The oldest ceramics in the world are small prehistoric
sculptures dug up at an archeological site in the modern Czech Republic. The
most famous piece is a four-and-a-half-inch high abstract female nude known as
the Venus of Dolni that was discovered in 1925 and was created between
29,000-25,000 bce, in other words, up to 31,000 years ago. The Venus figure was
made out of clay and thrown into a fi re where it became hard and burned black.

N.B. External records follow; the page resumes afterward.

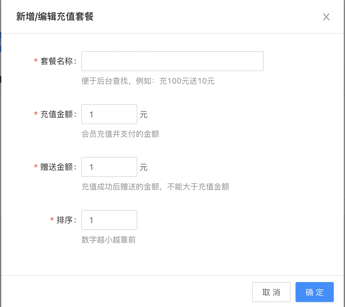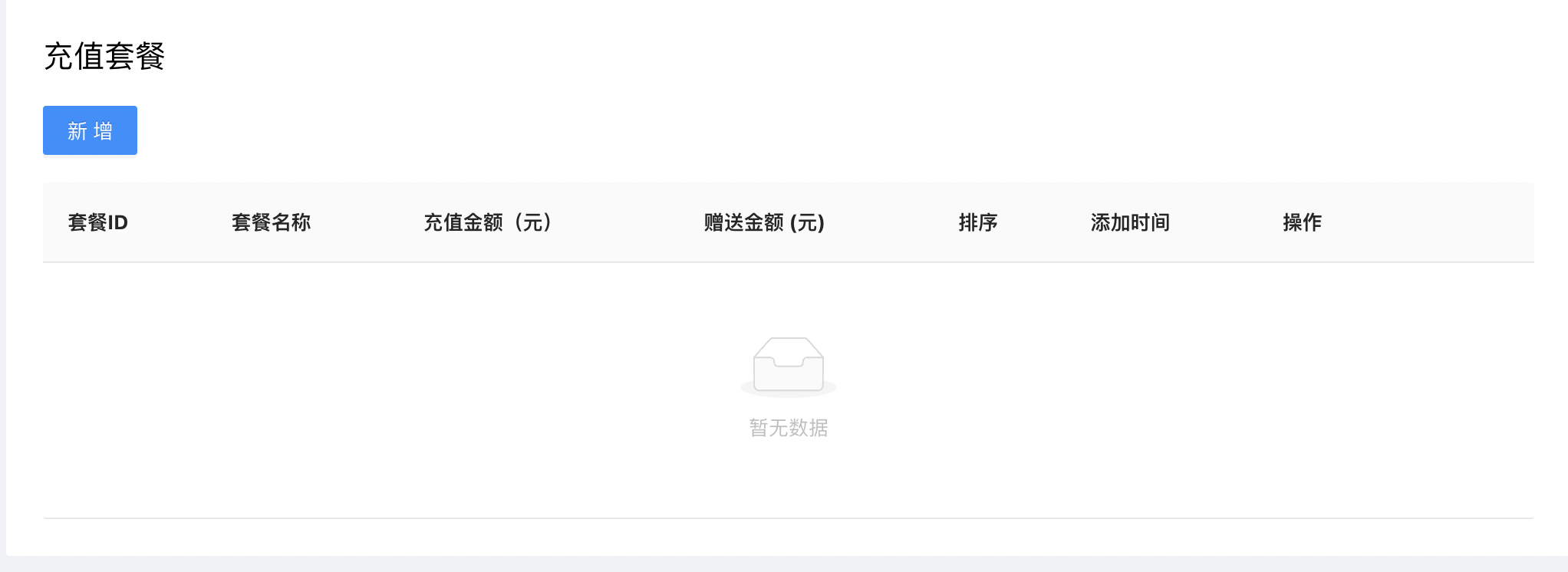 位置:营销管理 -> 营销中心 -> 会员储值 -> 充值套餐
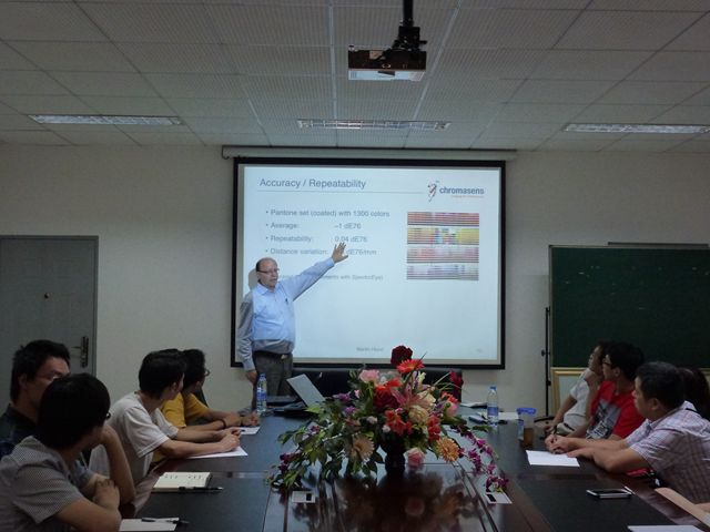 2013年9月2日下午,来我院颜色科学与工程国家专业实验室访问的德国专家Markus Schnitzlein 先生,在信息楼二层det365登录网站主页会议室,进行了多光谱图像颜色重建技术的学术讲座。det365登录网站主页赵长明副院长、 北京视科公司总裁刘南渤先生及颜色实验室的师生和本院的学生出席了此次学术交流报告。
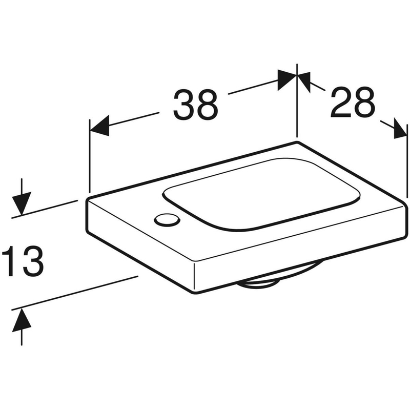 Geberit iCon Light pieni pesuallas: valkoinen, B = 38 cm, H = 13 cm, T = 28 cm, hanareikä = vasen, ylivirtaus = ei ole, laskutaso = vasen.
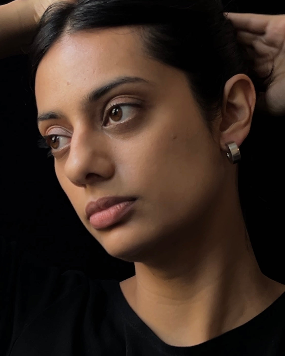 pair of post modern hollow crafted square edged elongated demi hoops in solid sterling sheet.
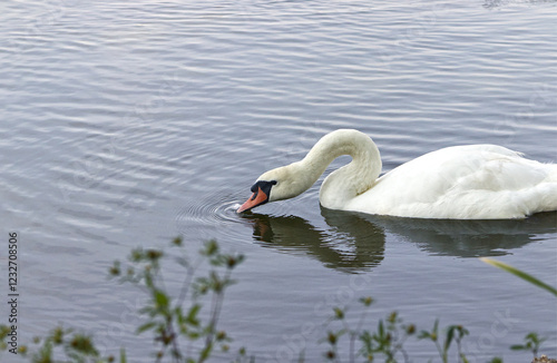 Fototapeta premium A swan floating on a lake. Swan with bowed head and beak underwater. Swan...
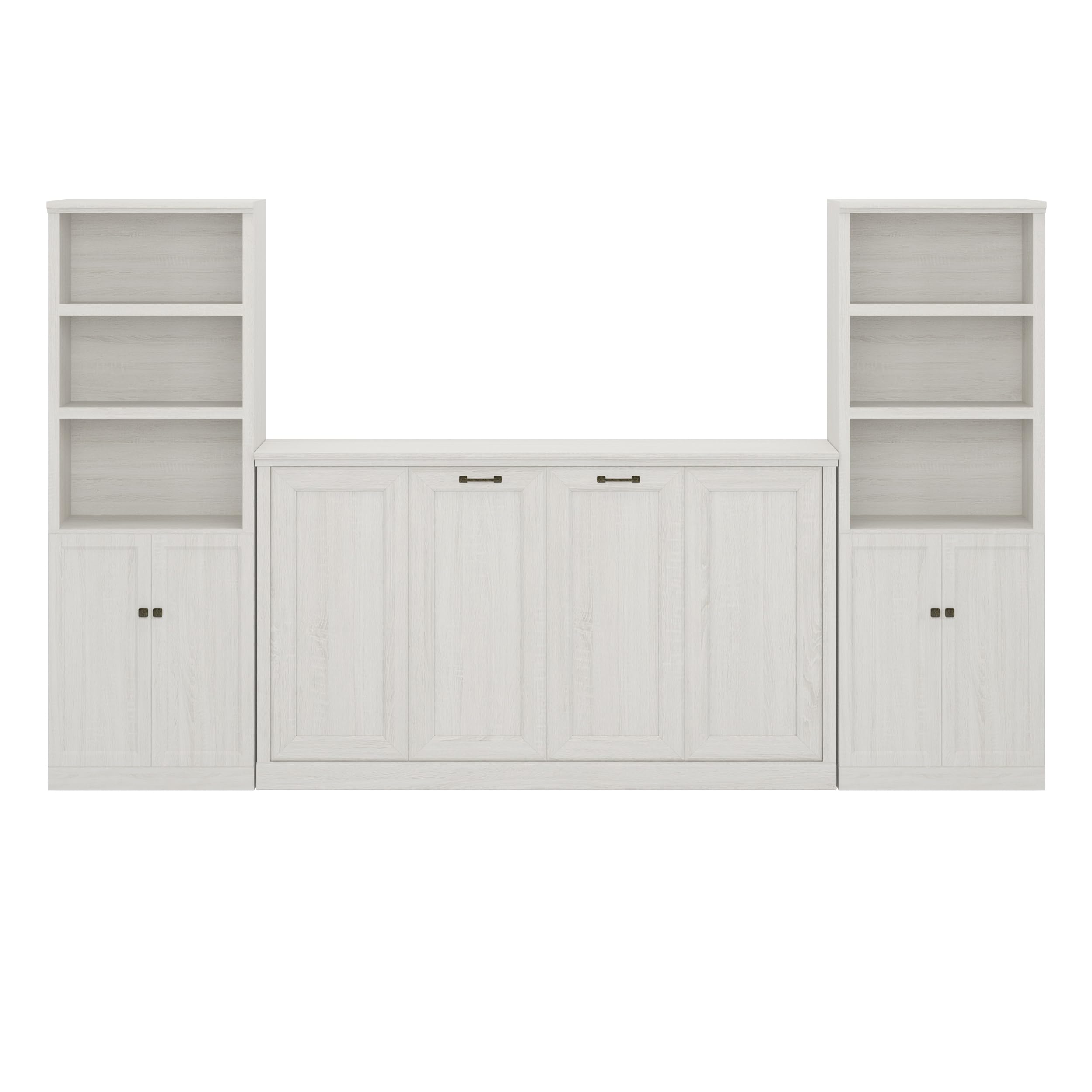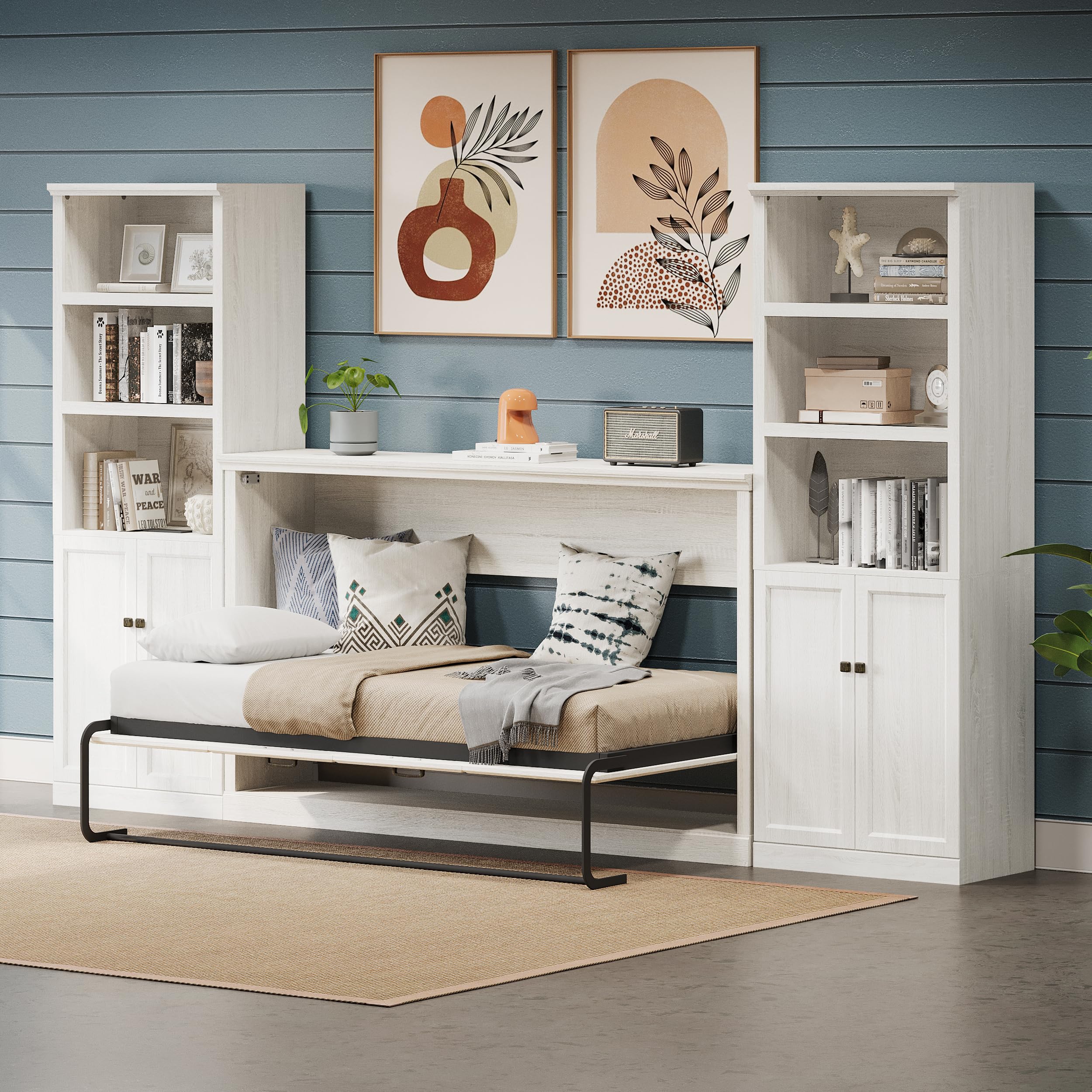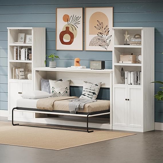 - Wall Bed with Storage Shelves: Featuring a bookshelf on both sides, with three tiers of open shelving and a lower cabinet, this murphy bed provide more space for you to store home items. Designed with integrated USB ports, ideal for charging electronic devices such as alarms or smartphones, ensuring they are always within reach.

People have found other prehistoric figures sculpted from
clay and preserved because they were placed in caves, but before the Venus of
Dolni and the related Czech finds it seems no one had ever thought of making
the clay hard by firing it. But why did this prehistoric sculptor think of
throwing the figure into the fire in the first place? No one can know for sure,
but one theory that some archeologists propose is that throwing the figure into
the fire was a type of divination. Perhaps, the artist wanted to see how the figure
would react in the flames and different reactions would have had different
meanings, something like the Chinese method of divination in which they threw
bones into a fire and interpreted the cracks that formed. Balls of clay might
have been used first and then the figures were used to get a clearer message
from or about that particular figure. If this is true, then these prehistoric
figures are not only the oldest known ceramics but also the results of the
oldest known divinatory practice and a type of interpretive divination.